De weg naar de club - IDES EN ALICE
1
Ides kijkt naar de lege plaats naast zich in de klas. Aster is wéér afwezig, voor de zoveelste keer deze maand. Echt normaal kan je dat niet meer noemen. En de excuses die hij telkens gebruikt zijn ook te gek voor woorden. De ene keer had hij een trouwfeest op een dinsdagvoormiddag, dan bleven er plots leden van een internationale dansgroep bij hem thuis logeren, en nog een andere keer kon hij niet naar school komen omdat de maan op exact honderdduizend kilometer van de aarde stond.
Aster is zijn beste vriend, maar hij heeft het gevoel dat hij iets verzwijgt. Beste vrienden vertellen elkaar toch alles? Zoals toen Ides verliefd was op Emily van zijn klas. Aster was de enige die ervan wist, en hij zweeg erover. Zo hoort het.
Ides schuift een beetje naar opzij en voelt in de bank van Aster. Er zit een polsbandje in. Ides kijkt even naar voren of zijn leerkracht op hem let. Die is druk bezig met uit te leggen waarom 'liegen' en 'liggen' in het Engels met hetzelfde woord worden aangeduid. Ides neemt het polsbandje uit de bank.

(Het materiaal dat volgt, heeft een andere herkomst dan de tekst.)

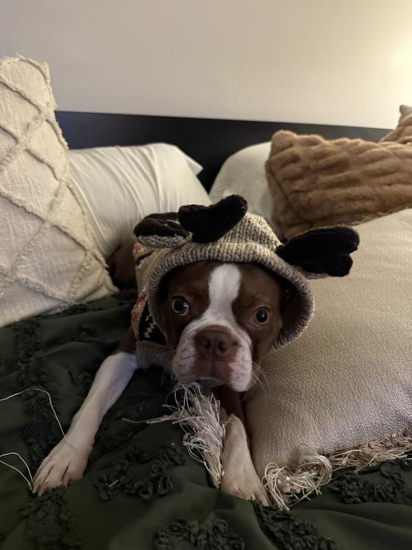 The first one was way too big for Coco. We contacted you and you sent a smaller one and she loves it. Looks sweet wearing her moose hoodie.
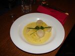 Als Vorspeise war eine französische Zweibelsuppe geboten, dann ein Feldsalat mit Walnüssen und anschließend Jakobsmuscheln in Safransoße. Als Hauptspeise gab es Kalbsfilet mit Morchelrahmsauce. Zum Dessert wurde eine Käseplatte, Creme brülée und eine mousse au chocolat gereicht.
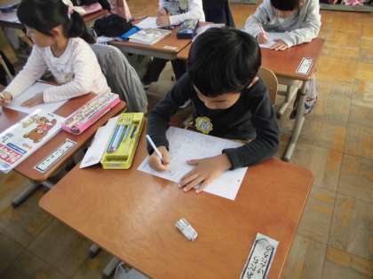 視力検査がありました。視力検査を待っている間にひらがなの復習をしました。集中して,線からはみ出ないように丁寧に書いていました。
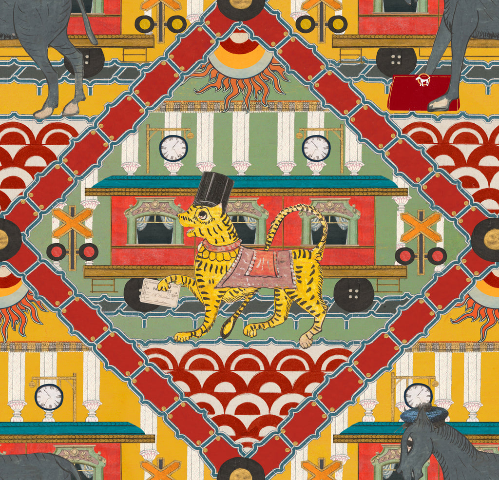 As the train pulls into the station, its dynamic energy shifts the mood of guests to one of excitement and anticipation as enchanting creatures’ parade down the platform in a striking spectacle against the grandeur of the neoclassical architecture of GARE DU NORD. Patterns and colours come together in a dazzling display bringing vivacity into the home, as the ornate beauty of the carriage itself takes centre stage. A bold and animated print that sparks interest and imagination each time you peruse it. All Mind The Gap wallpapers are made on new generation non-woven substrate. Printed with eco-friendly inks, Mind The Gap wallpaper are easy to install on any wall type. When hanging the wallpaper, apply the ready-mix adhesive paste on the wall and hang the strips one by one by butting the edges together. The adhesive allows for a while moving the wallpaper strips, so that the wallpaper pattern continues correctly from one strip to another. All our wallpapers are tested and certified for fire rating according to the international legislation. More information and official reports regarding the fire rating are available on demand.

Het is groen en van rubber en er staan drie letters op: LLC.
Wat heeft dat te betekenen?
2
'LLC? Geen idee', zegt Alice, wanneer Ides haar het bandje toont. 'Hé, dat rijmt.'
'Je bent een echte poëet', gromt Ides naar zijn zus.
Hij heeft die middag nog naar Aster gebeld om te vragen waarom hij niet op school was. Maar er kwamen weer alleen maar uitvluchten uit. Dat er een hele mooie tentoonstelling was van lieveheersbeestjes - met allerlei kleuren en heel veel stipjes - en zijn ouders er absoluut met hem naartoe wilden. Ides gelooft er geen snars van.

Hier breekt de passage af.